Het streven naar kostendekkende tarieven heeft in het verleden geleid tot periodieke
aanpassing van de tarieven van retributies aan loon- en prijsontwikkelingen, voor
zover deze ontwikkelingen van invloed zijn op kosten die de NVWA maakt bij het verrichten
van de hiervoor genoemde keuring- en toezichtwerkzaamheden.
Als gevolg van een herziening van het retributiestelsel worden de tarieven van de
retributies aanzienlijk aangepast.
De tariefsverhoging in deze regeling is in overstemming met Verordening (EG) 882/20041 (verder: Controleverordening) en de in die verordening genoemde mogelijkheid om de
werkelijke kosten in rekening te brengen.

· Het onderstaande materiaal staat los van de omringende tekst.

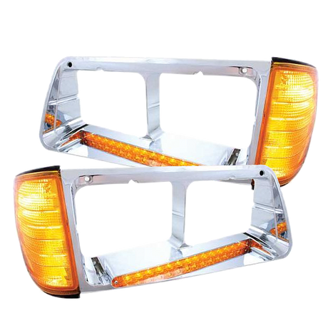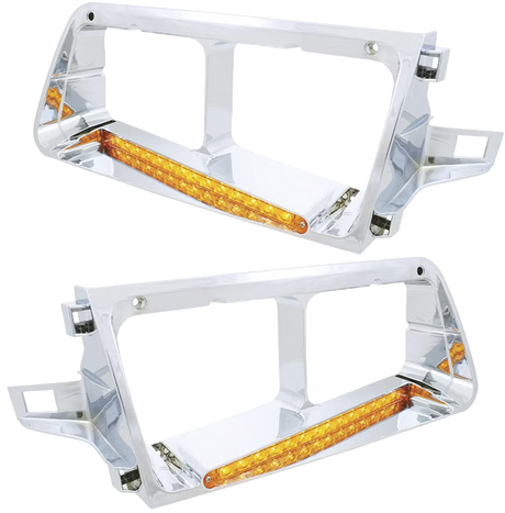 Freightliner FLD 120 (1989-2009) - Headlight Bezel With 19 LED Strip Light and Turn Signal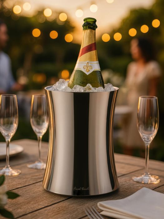 Prix unitaire / parRefroidisseur à vin Final Touch en acier inoxydable à double paroi, conçu pour maintenir vins, rosés et champagnes au frais sans condensation.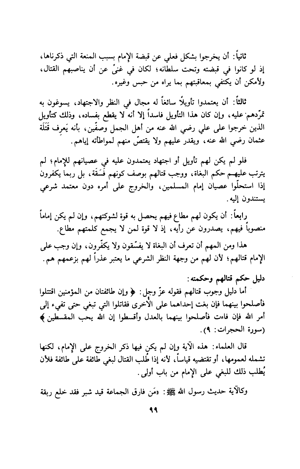 ثالثاً: أن يعتمدوا تأويلاً سائغاً له مجال في النظر والاجتهاد، يسوغون به تمردهم عليه، وإن كان هذا التأويل فاسداً إلا أنه لا يقطع بفساده، وذلك كتأويل الذين خرجوا على علي رضي الله عنه من أهل الجمل وصفين، بأنه يعرف قتلة عثمان رضي الله عنه، ويقدر عليهم ولا يقتص منهم لمواطأته إياهم.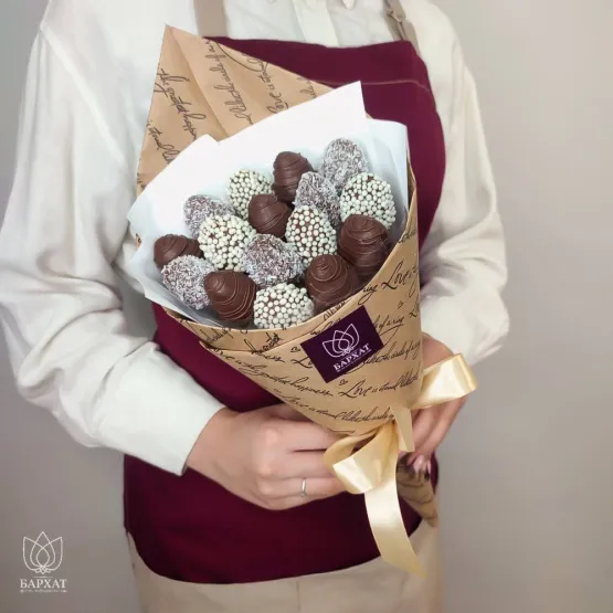 *Обратите внимание: изображение в карточке товара носит иллюстративный характер — реальный букет может незначительно отличаться от фото (например, по размеру клубники, форме и сборке). Точные размеры букета указаны в карточке товара.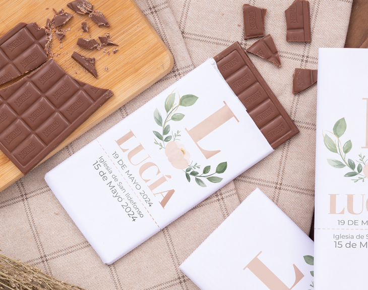 • Tableta de chocolate personalizada. • Tarjeta recordatoria.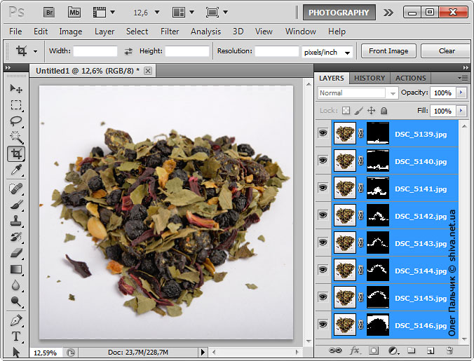 Фотошоп ненадолго задумается и в конце концов добавит к каждому изображению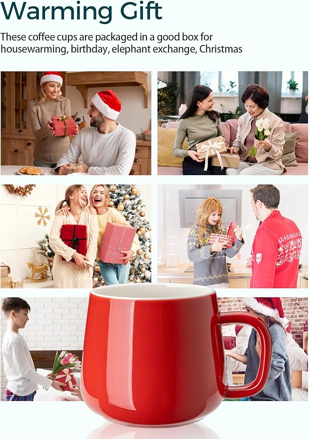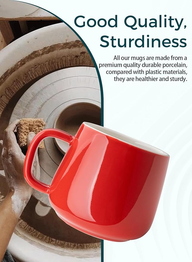 Teocera Ceramic Coffee Mug Set of 4-12 oz Coffee Mugs with Large Handles for Hot or Cold Drinks Like Latte, Cocoa, Tea or Juice - Smooth Ceramic, Dishwasher Safe, Red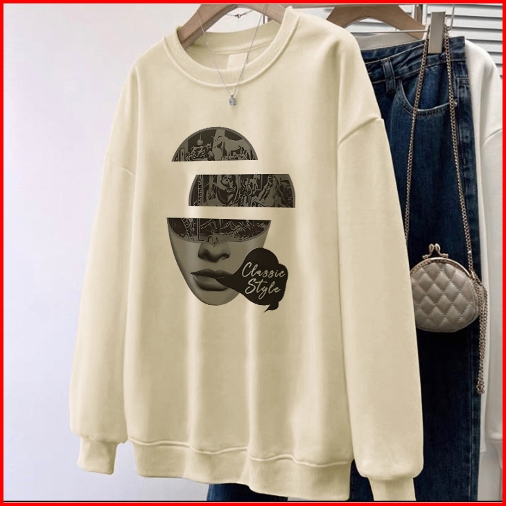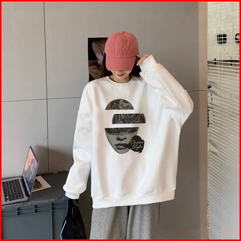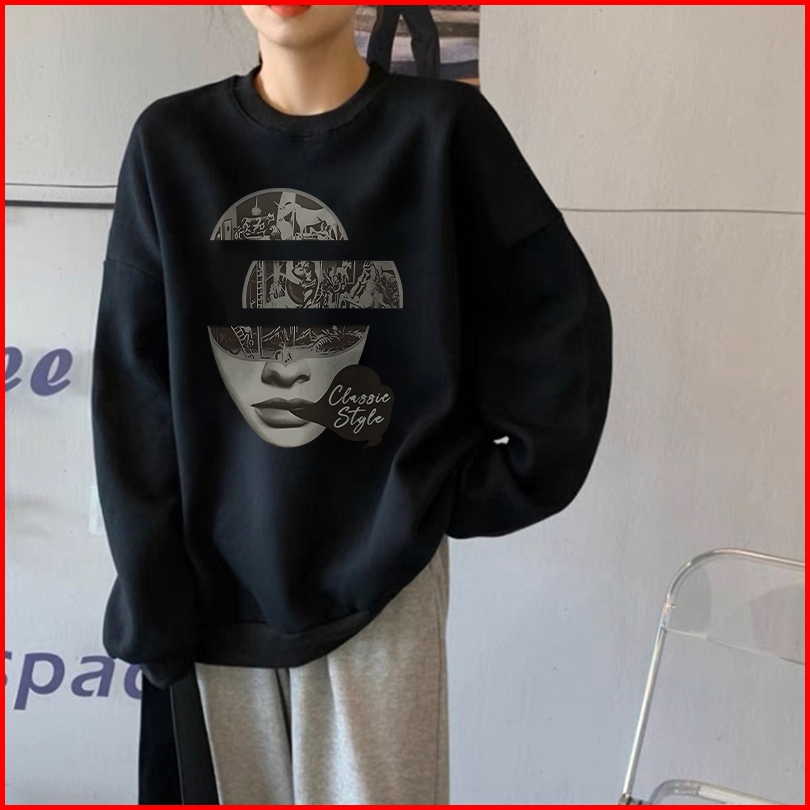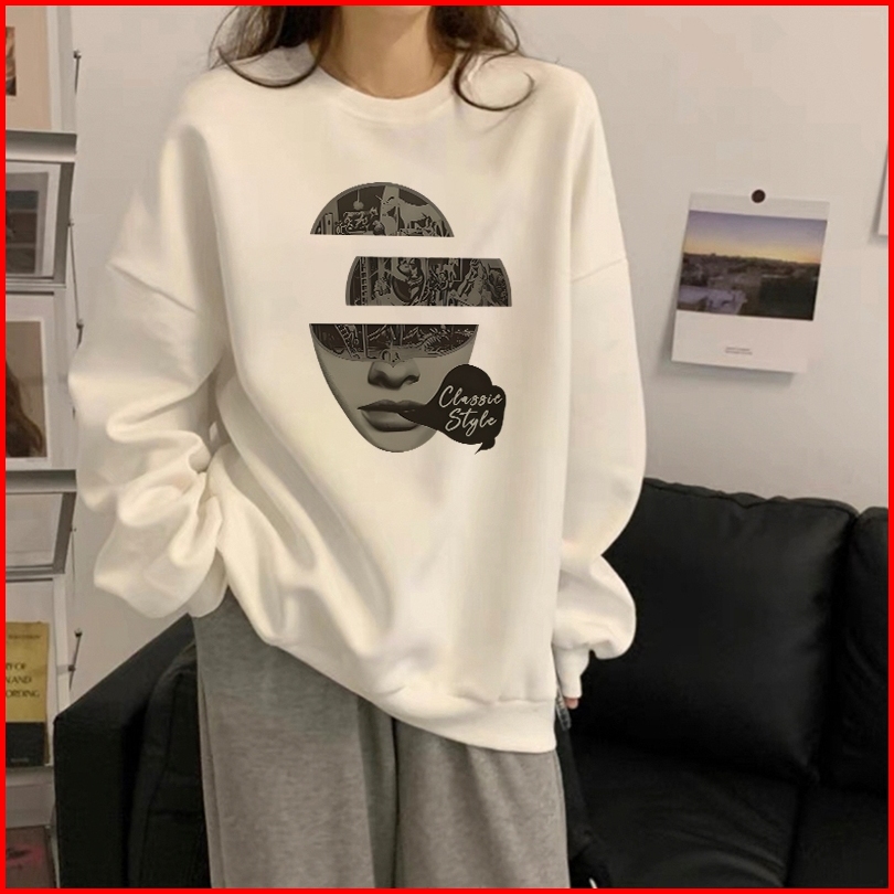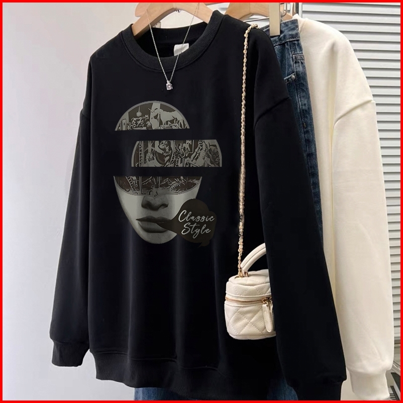 Forteid Sweater Lengan Panjang Oversized Street Style Korean Style Switer Wanita Oversize Kaos Pencetakan Wanita Kepopul

Hieronder wordt allereerst de herziening van het retributiestelsel uiteengezet. Deze
herziening leidt tot het vaststellen van een nieuwe retributieregeling door de Minister
van Economische Zaken en het aanpassen van de warenwetregeling. Na de uiteenzetting
van de herziening van het retributiestelsel komen de gevolgen van deze herziening
voor de VWS-sectoren aan bod.
2. Herziening retributiestelsel
Het nieuwe retributiestelsel strekt tot vereenvoudiging van de retributiesystematiek,
waardoor het stelsel voor zowel het bedrijfsleven als de NVWA transparanter en duidelijker
wordt. Daartoe wordt het aantal categorieën van tarieven beperkt tot vijf (eerder
waren dat er enkele tientallen). Verder wordt met het nieuwe retributiestelsel aangesloten
bij het huidige kostprijsmodel van de NVWA waardoor weer een adequate koppeling kan
worden gelegd tussen kosten en opbrengsten. Ten slotte wordt de kostendekkendheid
van de tarieven verbeterd. Kostendekkendheid van de tarieven is een belangrijk uitgangspunt
van het retributiestelsel. De herziening van de systematiek biedt daarmee een kader
voor het op peil houden van de noodzakelijke financiële middelen voor goed toezicht
op onder meer voedselveiligheid en dier- en plantgezondheid (zie brief van 21 januari
2013 aan de Tweede Kamer (Kamerstukken II 2012/13, 33 400-XIII, nr. 66)).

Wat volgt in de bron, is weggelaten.